Thirty fewer commuting hours each year for L.A. drivers by 2020?

That’s the promise delivered in a new study that recommends freight now being transported by truck be moved to railroads.

The study singled out L.A. commuters for having wasted 136 hours in congestion during 2000 tops among the cities with populations exceeding 500,000.

“L.A.’s traffic is dreadful and it is getting worse,” said Wendell Cox, a principal of St. Louis-based Wendell Cox Consultancy, which conducted the study using data from the Texas Transportation Institute. “Anything we can do in the long run to slow down the growth of truck traffic is going to be very valuable.”

Cox, who served on the L.A. County Transportation Commission from 1977 through 1985, was commissioned to conduct the study by the Association of American Railroads.

The study showed that by 2010, a 25 percent shift to cargo trains would save an average of 18 hours in commuting time and 30 hours by 2020.
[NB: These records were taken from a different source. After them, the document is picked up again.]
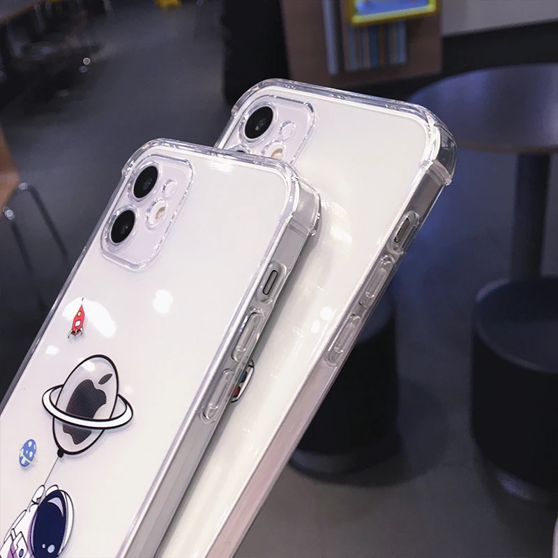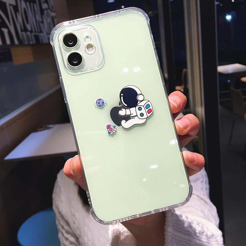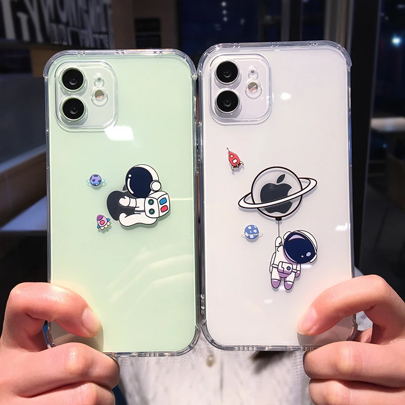 Милый чехол для телефона с мультяшным астронавтом для iPhone 11 Pro MAX XS XR X 12 Mini 7 8 Plus, прозрачный мягкий противоударный чехол из ТПУ
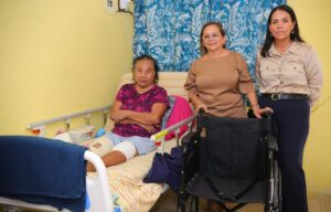 Rossy Luque, presidenta del DIF de Altamira; y Blanca Guzmán, síndica primera del Cabildo de Altamira, entregaron la silla de ruedas y platicaron con la beneficiaria.
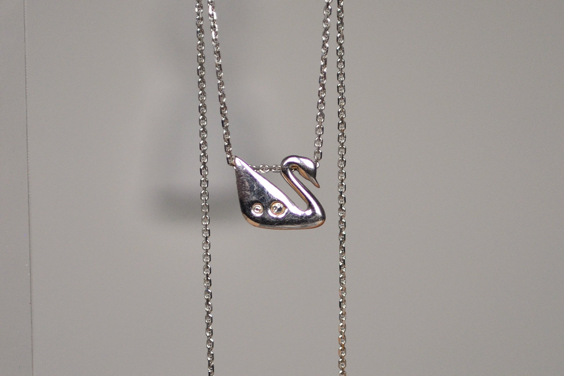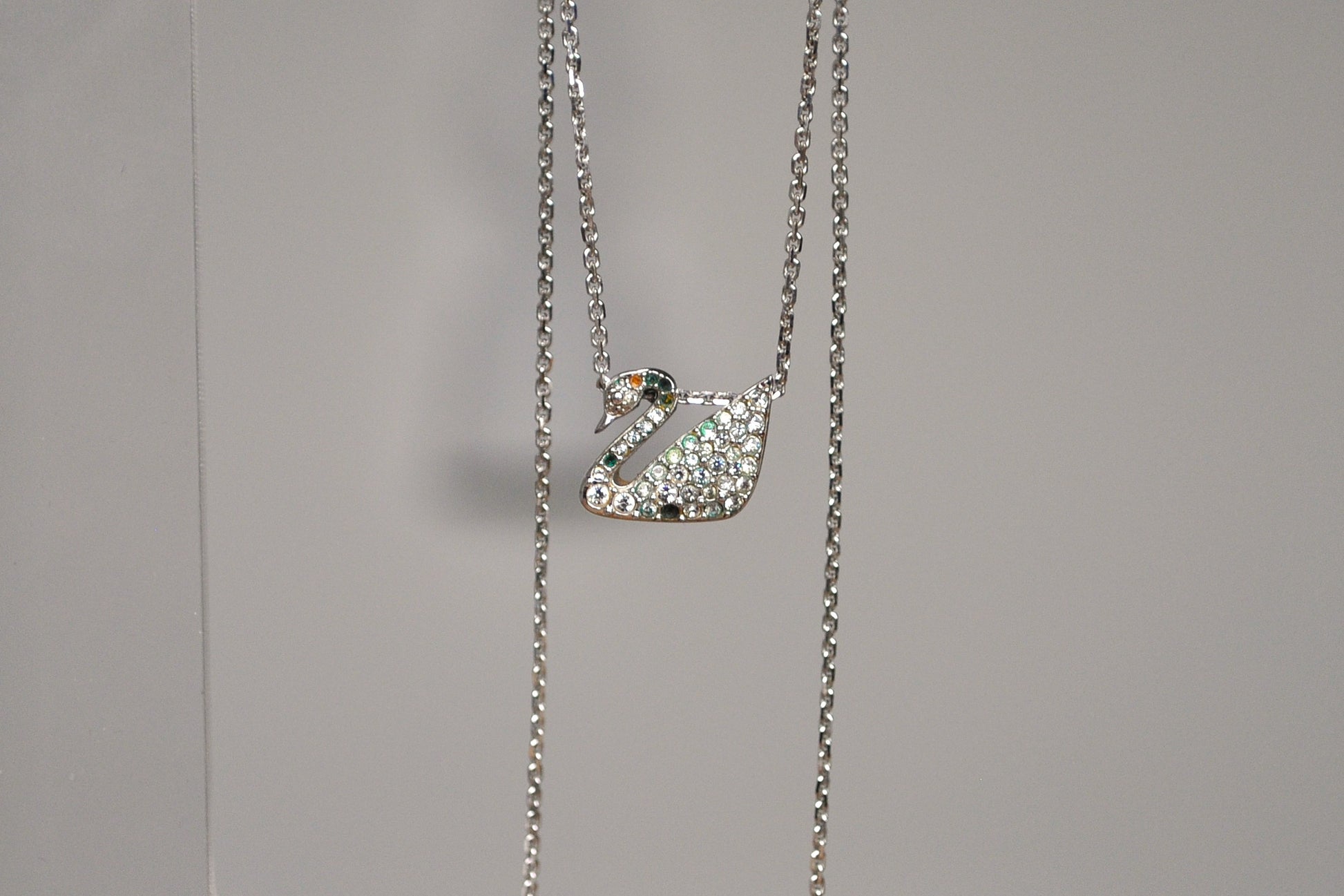 This listing is for the photographed Stunning Swarovski Crystal Swan Necklace - 20 Inches. Pretty Swarovski silverplated necklace filled with Swarovski crystals with a length of about 20 inches. This necklace is previously loved and has a few crystals missing resulting in a reduced price. Swarovski is engraved on the bottom of the pendant. Swarovski's history began in 1895 with Daniel Swarovski's invention of a precision grinding machine for crystal. This invention revolutionized crystal cutting, making it possible to create precisely shaped gemstones for jewelry and other products. Swarovski's expertise in glass processing also led to the production of optical devices like binoculars, and the company has expanded its product line over the years to include jewelry, accessories, and lighting.
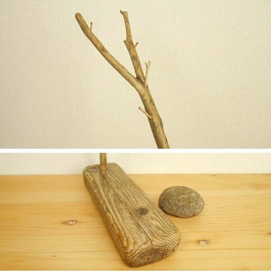【温泉流木】ななめに伸びる枝分かれ流木のフックスタンド風鈴スタンド アクセサリースタンド 流木インテリア
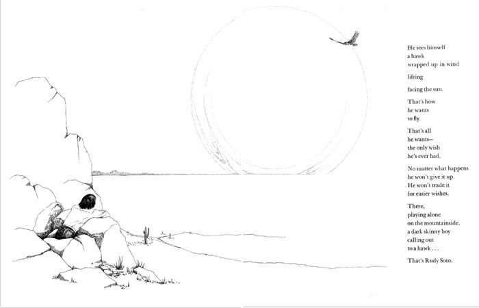 Rudy's only dream is to fly like a hawk over Santos Mountain, and in an unusual way he makes his dream come true. "A sharp, fleeting dream in the sun--and Baylor's controlled lift and flow carries it off."--Kirkus Reviews. Caldecott Honor Book; ALA Notable Children's Book.

That would bode well for commuters who drove an average of 218 hours to and from work in 2000 within the study’s target area of L.A. and Orange counties, the western portion of Riverside and San Bernardino counties and the eastern side of Ventura County.

Other than advocating greater use of railroads, the study did not offer solutions for traffic planners.

Local traffic planners said finding cost-efficient means of shifting large amounts cargo from road to rail is easier said than done.

Most rail cargo going through the area is going to or coming from other states, and most of the cargo in trucks is going to the local five-county region. “Trains can’t travel door to door,” said Luke Cheng, a transportation planning manager for the Metropolitan Transportation Authority. “You cannot build a train depot at every warehouse door and city block.”

Along the $2.4 million Alameda Corridor, where cargo is transported from the ports to the rail yards east of downtown, L.A., traffic planners said the number of daily train trips is expected to increase to 100 by 2020, from the 35 to 40 today.

But any relief additional train traffic would bring to the Long Beach (710) and Harbor (110) freeways will be offset by the anticipated doubling within a decade of the $200 billion of cargo that currently flows through both ports, planners said.